ソースはどれでも同じです。変わるのは pw build のフラグ 1 つか popcornweb.toml のテーブル 1 つ、
そしてもう少し見えにくいところで、ホストがアプリケーションに残してくれるもの、つまりファイル、
ソケット、リクエストより長く生きるプロセスです。このページは全部を横に並べます。選ぶ根拠を
デプロイコマンドではなく、その制約に置くためです。コマンドのほうは簡単な部分です。

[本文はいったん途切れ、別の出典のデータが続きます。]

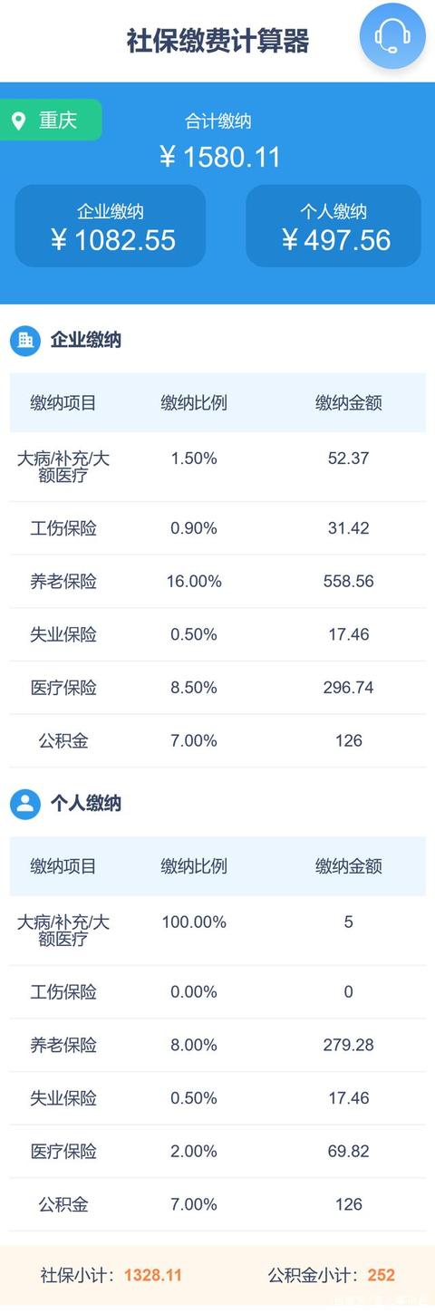 (以工伤0.9%、公积金7%、最低基数为例;注:因各人社保缴费基数各有不同、社保费率时有变动,以下数值仅作参考,不能代表各人具体社保费用)
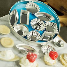 ベーシックな形がそろっていますので、ちょっとづつのせるものを変えて楽しい前菜(または小さなデザート)を作ってみたくなるタルト型でしょ?
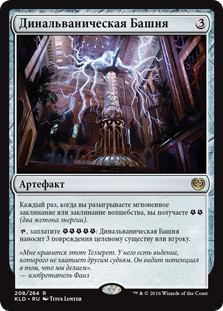 | Rules | Whenever you cast an instant or sorcery spell, you get (two energy counters). , Pay : Dynavolt Tower deals 3 damage to any target. |
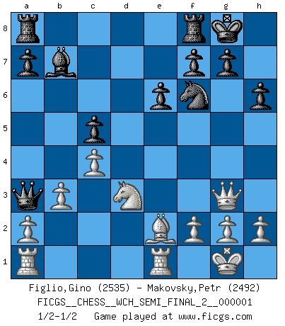 Last move : 1/2-1/2 2007 March 10 8:25:50 [Event "FICGS__CHESS__WCH_SEMI_FINAL_2__000001"] [Site "FICGS"] [Date "2007.02.15"] [Round "1"] [White "Figlio,Gino"] [Black "Makovsky,Petr"] [Result "1/2-1/2"] [WhiteElo "2535"] [BlackElo "2492"] 1.d4 Nf6 2.Nf3 d5 3.c4 e6 4.Nc3 c6 5.e3 Nbd7 6.Qc2 Bd6 7.b3 O-O 8.Be2 b6 9.O-O Bb7 10.Bb2 Qe7 11.Rfe1 h6 12.e4 dxe4 13.Nxe4 Nxe4 14.Qxe4 Nf6 15.Qh4 Ba3 16.Bc3 Bb4 17.Bxb4 Qxb4 18.Ne5 c5 19.Nd3 Qa3 20.dxc5 bxc5 21.Qg3 1/2-1/2 Queen's pawn game Kingside Castling by player Black (move 7) Kingside Castling by player White (move 9) This chess game ended in a draw. Follow this game move after move (download)In the perfect Chess combination as in a first-rate short story, the whole plot and counter-plot should lead up to a striking finale, the interest not being allayed until the very last moment. (Yates and Winter) Der Schachmeister von Heute braucht Courage, einen Killerinstinkt, Ausdauer und Arroganz. (Larry Evans) Las ideas audaces son como las piezas del Ajedrez que avanzan hacia adelante. Ellas pueden ser vencidas, pero también pueden iniciar una partida victoriosa. (Goethe) Il a essayé de se convaincre qu'il pourrait empêcher toutes les erreurs et ne jamais perdre. L'horreur ! Gary Kasparov au sujet de Robert Fischer. There is far too much law for those who can afford it and far too little for those who cannot. (Derek Bok)

| プラットフォーム | 作り方 | コンパイラ | 備考 |
|---|---|---|---|
| ネイティブバイナリ(Go が対象とする OS) | pw build |
ホスト Go | プロジェクトルートにバイナリ。GOOS / GOARCH は go build にそのまま渡る |
| ネイティブバイナリ(小型) | pw generate のあと tinygo build -scheduler=threads ./cmd/myapp |
TinyGo 0.42 | project.toolchain = "tinygo"。strip 済みホストビルドの半分未満 |
| コンテナ: Cloud Run services、App Runner、Container Apps、Kubernetes | scaffold 済みの Dockerfile か Dockerfile.tinygo で docker build |
どちらでも | ホストが PORT を設定。ランタイムは distroless |
| AWS Lambda | pw build --target lambda |
ホスト Go | Linux バイナリと、Lambda Web Adapter を固定した Dockerfile |
| Azure Functions | pw build --target azure-functions |
ホスト Go | Linux バイナリと host.json。HTTP を転送する custom handler |
| Google Cloud Run functions | pw build --target google-cloud-run-functions |
ホスト Go(リモート) | Functions Framework の登録を持つ vendored ソース |
| Vercel Go | pw build --target vercel-go |
ホスト Go(リモート) | api/ にハンドラー 1 つを持つ vendored ソース |
| Cloudflare Workers | pw build --target cloudflare-workers |
[deploy.cloudflare] に従い TinyGo かホスト Go |
Wasm モジュール、フレームワーク所有の loader、wrangler.jsonc |
行を横断する軸が 2 本あります。--backend fasthttp は最後の行以外のすべてで同じソースを fasthttp
向けにコンパイルし、生成側が後半を書くために project.fasthttp = true を要求します。Worker target は
nethttp だけです。--target の成果物は .pw/build/<target>/<backend>/ に、何を作ったかを記す
deployment.json と並んで置かれ、プロセス型と source 型の target は config.prod.toml の存在を
要求します。pw dev はここにあるどのオプションにも影響されません。プロジェクトが何として出荷される
かにかかわらず、ループバックでホストプロセスを動かします。
どれを取るか
Section titled “どれを取るか”既定は最初の行をコンテナで動かす形で、表の見た目より圧倒的に多くの場面でそれが正解です。割り当て
PORT の背後で動くホスト Go バイナリは、ファイルの SQLite、プロセス内の memo store、graceful shutdown、
プロセス内のマイグレーションといったフレームワークの機能をすべて保ちますし、scaffold 済みの
Dockerfile がすでにそれをビルドします。以下はどれもその上位版ではありません。ポートの背後のプロセスが
提供されない場所で動かす手段であり、それぞれ代価を払います。
TinyGo を取るのは成果物のサイズが制約のときです。メガバイト単位で測られるイメージ、アップロード上限の
あるエッジランタイム、デバイス。数字はパフォーマンスガイドに
あります。代価は、アプリケーションコードでは直せない 2 つの挙動です。SIGTERM は届かないので停止は
猶予期間後の kill になり、マイグレーションはプロセス内ではなく pw を呼び出します。加えて、ビルドは
それが走るマシン向けにコンパイルします。TinyGo でネットワークプロトコルを話すエンジンには
-scheduler=threads が必要で、忘れると静かな不具合ではなくコンパイルエラーになります。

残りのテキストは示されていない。